Mitochondria possess their own genome, which being a circular DNA molecule and with nonmethylated CpG motifs resembles bacterial DNA67. Therefore, it is agreeable that CpG of mtDNA activates neutrophils via CpG/TLR9 interaction55. In our experiment, induction of RIBE by ELV containing ND1 or ND5 in HDFn (Fig. 6) and mND1 or mND5 in m5S cells were observed (Fig. 7). According to Lie et al., CpG methylation in mtDNA is a rare event at most DNA regions68, suggesting that nonmethylated CpG motifs of ND1, ND5, mND1, and mND5 in ELV could induce inflammatory response.
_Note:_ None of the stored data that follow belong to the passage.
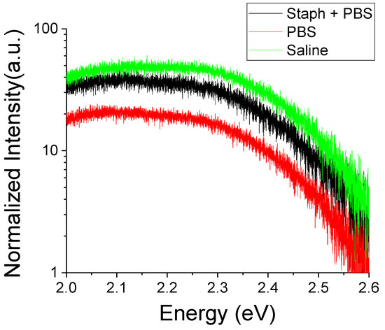 Room temperature PL spectra of deep defect luminescence regions normalized to the noise floor for a type B ZnO MP sample at 300 K after exposure to S. aureus in PBS as well as PBS and saline media in isolation.
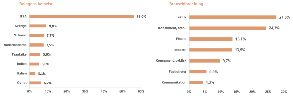 De aktier som gick starkast under månaden var United Health Group, Watsco och Fortnox. De tre aktier som hade den svagaste utvecklingen var Societe Generale, Adobe samt Lonza.
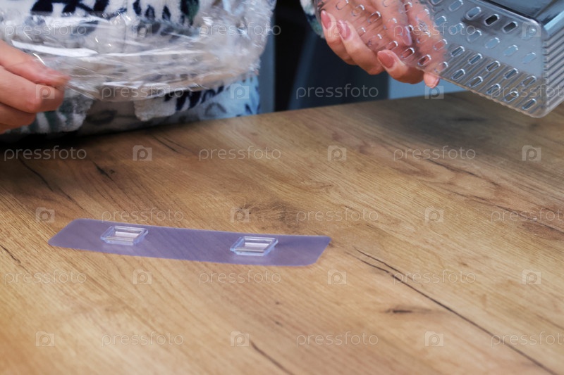 Женщина держит пластиковую полку для ванной. Рядом с ней на столе лежит кронштейн для крепления полки. Она делает обзор покупки
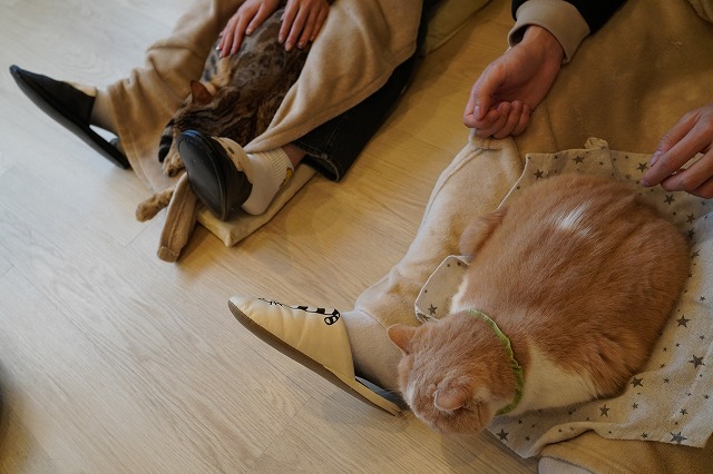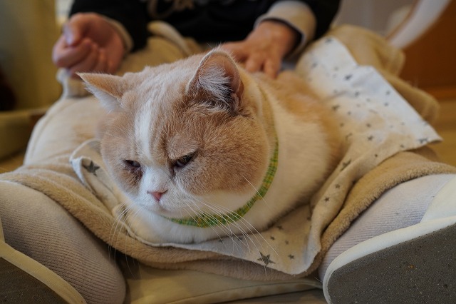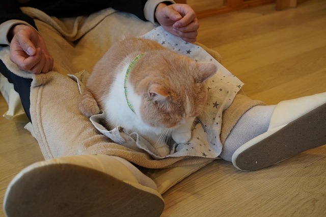 お客様のおひざに落ち着く事に決めたコロン君。

Additionally, it is notable that RIBE (elevated level of DNA double-stranded breaks) elicited by extracellular genomic DNA from irradiated cells was reduced after inhibition of TLR969, suggesting that innate immune response mediated by TLR9 contributes to the induction of retinoic acid-inducible gene-I (RIGI).

Several studies have revealed that mitochondria depleted cells (Rho0 cells) do not produce RIBE signals47,48,70 and our data also suggests that ICCM ELV from Rho0 cells could not induce DNA damage in treated cells (Fig. 4). These studies focused on the ROS or reactive nitrogen species produced by functional mitochondria47,48,70. In our experiments, ELV from Rho0 cells showed no induction of DNA damage in treated cells (Fig. 4G), and ELV from Rho0 cells contained small amount of ND1 and ND5 (Fig. 5), which could be the reason for the absence of RIBE signals. Taken together, these results demonstrated the residual effect of DNA damage induction of DNase treated ICCM ELV (Fig. 3B). These lines of evidences suggest that ROS or other factors also mediate the RIBE signals, as observed in our experiments.

In summary, present study suggests that RIBE may be partially mediated by mtDNA in ELV.